# Activity:
Pictures in the records below are skipped; the rest is copied exactly.

====== Given data

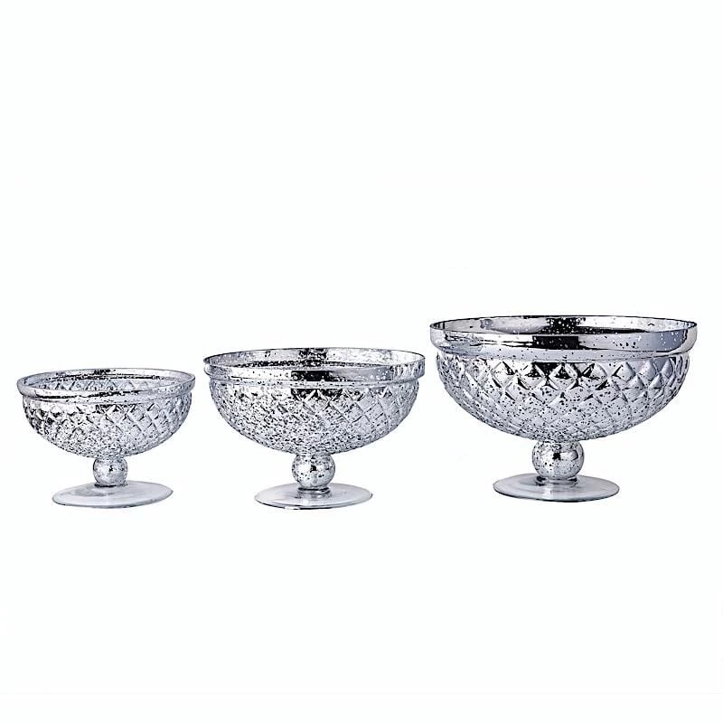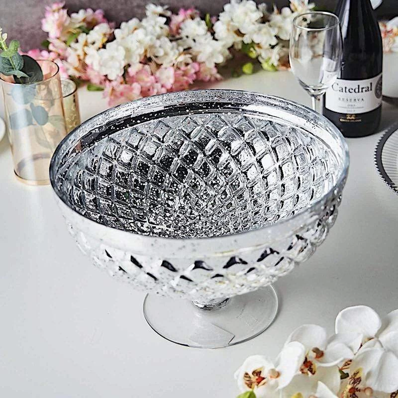 Make elegant and artistic decorations for your special day with our mercury glass compote vases! Our vases are great for weddings, parties, events or simply using them in your own home. Pair these trendy and delicate pieces with your gorgeous fresh or silk flowers, candles and other fillers to add a touch of glitz to your centerpieces. These decorative vases are made from heavy-duty mercury glass and are a top choice for flower shops and wedding planners.
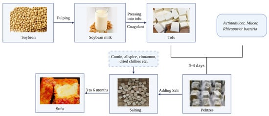 Sufu, also known as fermented soybean curd, moldy soybean curd or milk soybean curd, is a traditional Chinese fermented soybean product. This product is enjoyed by the majority of consumers due to its special texture, valuable nutrition and delicious flavor [,]. According to the fermentation strains, sufu can be divided into two types: inoculated fermentation sufu (inoculated with Actinomucor, Mucor, Rhizopus or bacteria) and natural fermentation sufu []. The basic processing procedure for sufu has remained almost unchanged for hundreds of years [,,]. Soybean is used as the main raw material and undergoes complex physical, chemical and biochemical processes. Preparation mainly includes two steps (Figure 1): (1) preparation of tofu: soybeans are soaked and expanded and then ground, bean dregs are removed to obtain soybean milk and coagulant is added to the cooked soybean milk; (2) preparation of sufu: the mold or bacteria are inoculated on the tofu, and after culturing for 3–4 days, salting is carried out, and then auxiliary ingredients (Cumin, allspice, cinnamon, dried chilies, salt, etc.) are added and fermented for 3 to 6 months.
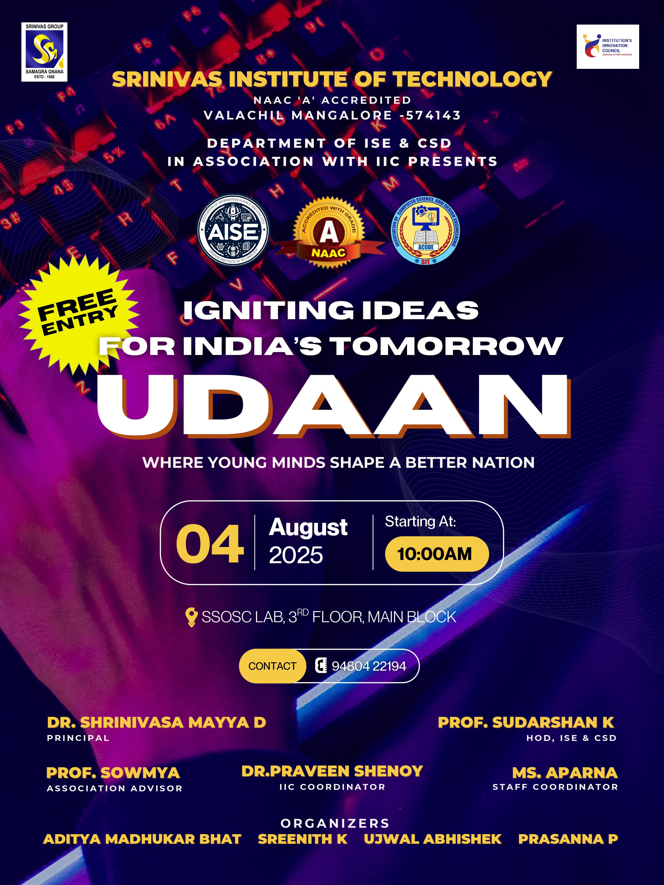 🚀 Welcome to Udaan 2025 – The College Level Ideathon Are you an engineering student ready to turn your ideas into innovative solutions for India’s development Join us at Srinivas Institute of Technology for Udaan 2025 – a dynamic Ideathon challenge that fosters creativity impact and transformation 💡 No entry fee 🌟 Exciting rewards 🤝 National level exposure Let your ideas take flight
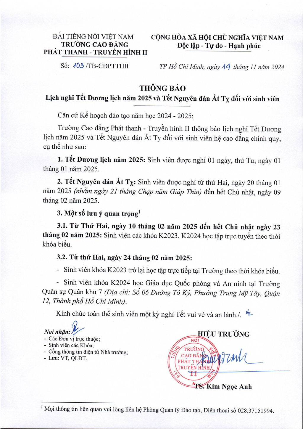 Thông báo lịch nghỉ Tết dương lịch năm 2025 và Tết Nguyên đán Ất Tỵ đối với sinh viên
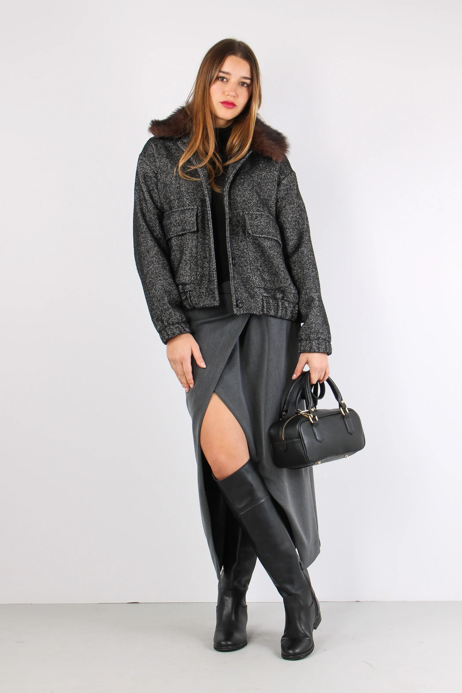 Bomber Resca Ecopelliccia Nero
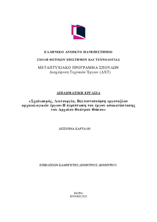 The methodology combines an extensive review of Greek and international literature, an analysis of the legal framework (with emphasis on the Ministry of Culture’s procedures and the role of the Central Archaeological Council), and primary quantitative and qualitative research through a questionnaire addressed to professionals involved in archaeological site operations. Additionally, a case study is presented based on the restoration project of the Ancient Theatre of Thassos, where a technical analysis of the work schedule is conducted using MS Project software.

============

# Answer below:
 Make elegant and artistic decorations for your special day with our mercury glass compote vases! Our vases are great for weddings, parties, events or simply using them in your own home. Pair these trendy and delicate pieces with your gorgeous fresh or silk flowers, candles and other fillers to add a touch of glitz to your centerpieces. These decorative vases are made from heavy-duty mercury glass and are a top choice for flower shops and wedding planners.
 Sufu, also known as fermented soybean curd, moldy soybean curd or milk soybean curd, is a traditional Chinese fermented soybean product. This product is enjoyed by the majority of consumers due to its special texture, valuable nutrition and delicious flavor [,]. According to the fermentation strains, sufu can be divided into two types: inoculated fermentation sufu (inoculated with Actinomucor, Mucor, Rhizopus or bacteria) and natural fermentation sufu []. The basic processing procedure for sufu has remained almost unchanged for hundreds of years [,,]. Soybean is used as the main raw material and undergoes complex physical, chemical and biochemical processes. Preparation mainly includes two steps (Figure 1): (1) preparation of tofu: soybeans are soaked and expanded and then ground, bean dregs are removed to obtain soybean milk and coagulant is added to the cooked soybean milk; (2) preparation of sufu: the mold or bacteria are inoculated on the tofu, and after culturing for 3–4 days, salting is carried out, and then auxiliary ingredients (Cumin, allspice, cinnamon, dried chilies, salt, etc.) are added and fermented for 3 to 6 months.
 🚀 Welcome to Udaan 2025 – The College Level Ideathon Are you an engineering student ready to turn your ideas into innovative solutions for India’s development Join us at Srinivas Institute of Technology for Udaan 2025 – a dynamic Ideathon challenge that fosters creativity impact and transformation 💡 No entry fee 🌟 Exciting rewards 🤝 National level exposure Let your ideas take flight
 Thông báo lịch nghỉ Tết dương lịch năm 2025 và Tết Nguyên đán Ất Tỵ đối với sinh viên
 Bomber Resca Ecopelliccia Nero
 The methodology combines an extensive review of Greek and international literature, an analysis of the legal framework (with emphasis on the Ministry of Culture’s procedures and the role of the Central Archaeological Council), and primary quantitative and qualitative research through a questionnaire addressed to professionals involved in archaeological site operations. Additionally, a case study is presented based on the restoration project of the Ancient Theatre of Thassos, where a technical analysis of the work schedule is conducted using MS Project software.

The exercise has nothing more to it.